Early-day resident Fred Reed was a true Sooner. Born in 1869, he was just six months shy of the legal age of 21 when the news came to him in Larned, Kansas that land in the Indian Territory would soon be open for settlement to anyone with a fast pony, a wagon, and enough gumption to leave home and hearth behind and make a new start in a wild land.

In his memoirs of the trip to Oklahoma, Reed writes:

"We decided on covered wagons as the best way to reach our destination. For awhile everything went just fine until we ran into rain storms which caused swollen creeks, but finally we made it to Arkansas City."

The worst obstacle of the trek, Reed recalled, was the Salt Fork of the Arkansas which had jumped its banks because of the heavy rains. There were no horse or wagon bridges or ferries at the time, so Reed and company had to push their wagons across the railroad bridge, laying planks between the rails for the horses to walk on, leading the team a short distance, and then retrieving the planks to put them ahead of the wagons as they inched their way over the raging river, ever on the lookout for an oncoming train.

After that, the crossing of the Red Rock and Black Bear creeks seemed easy, although they, too, were in very dangerous condition, according to Reed. But after the trauma of the journey, the travelers made it to the line with three days to rest before the time set for the opening.

"There we waited for the time when the guns of the soldiers would officially proclaim Oklahoma to settlement," Reed writes.

Unfortunately for the young man, the guns sounded six months too soon. According to government regulations, a person had to be at least 21 years of age in order to stake a claim legally. But, if there was any unoccupied land at the end of the run, the underaged person could take over the claim as long as the right to the property went uncontested, Reed was told.

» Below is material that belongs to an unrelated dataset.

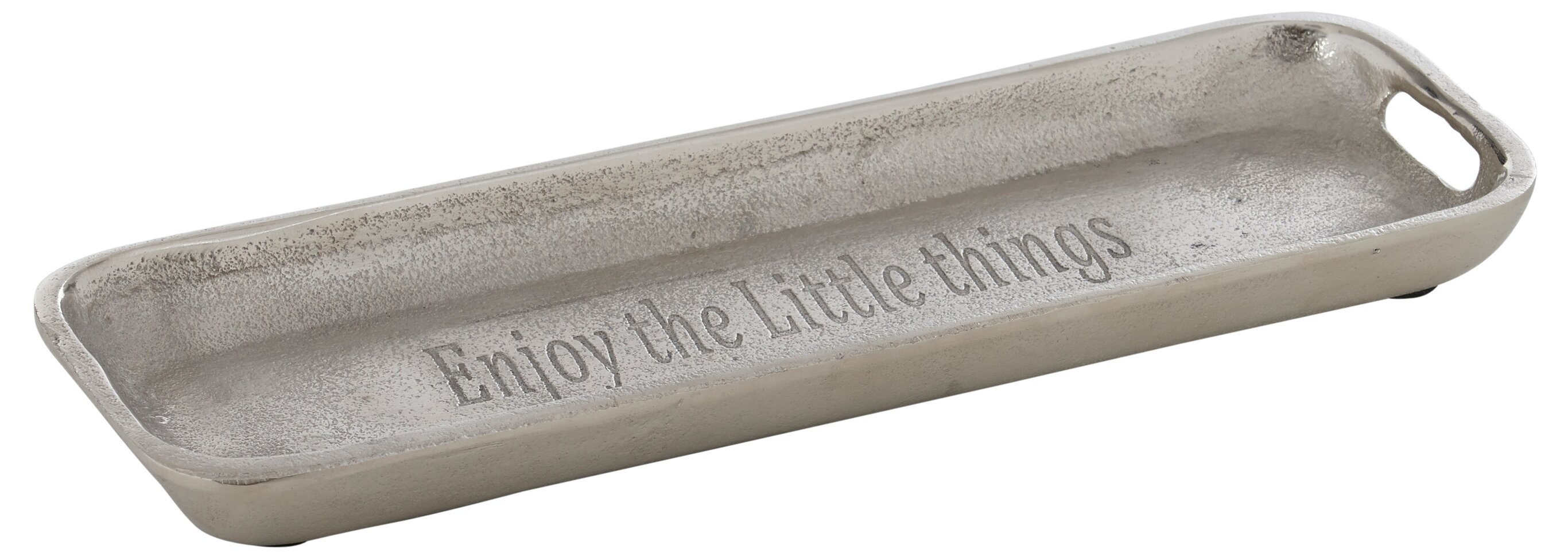 Brickan är tillverkad i ett metalliskt material med en subtil glans, vilket ger den ett modernt intryck. Ytan är något texturerad med små, oregelbundna prickar som ger en känsla av hantverk och detaljrikedom. I mitten av brickan finns den ingraverade texten "Enjoy the Little Things". Dessa ord är placerade i mjukt rundad typografi, som förstärker den varma och inbjudande känslan av produkten.

So a few days after the first crunch of settlers, the enterprising Reed found a claim unoccupied [near what later became Orlando in Logan County] and put his covered wagon on it, "just like any squatter would do," he writes, "and waited for developments."

A short time later, Reed was told that a man named Short had filed on the property, leaving Reed, in his words, "high and dry."

Without a claim of his own to work, Reed good-naturedly put in a lot of time behind the plow for his father, Emanuel Reed, and a Charles Teel, reserving plenty of time for two of his favorite hobbies, hunting and fishing.

In the latter part of June 1889, Reed moved to Norman, which at that time consisted of tents and some wooden buildings. He later attended the fledgling University of Oklahoma and became a licensed pharmacist and prominent drug store owner in Norman.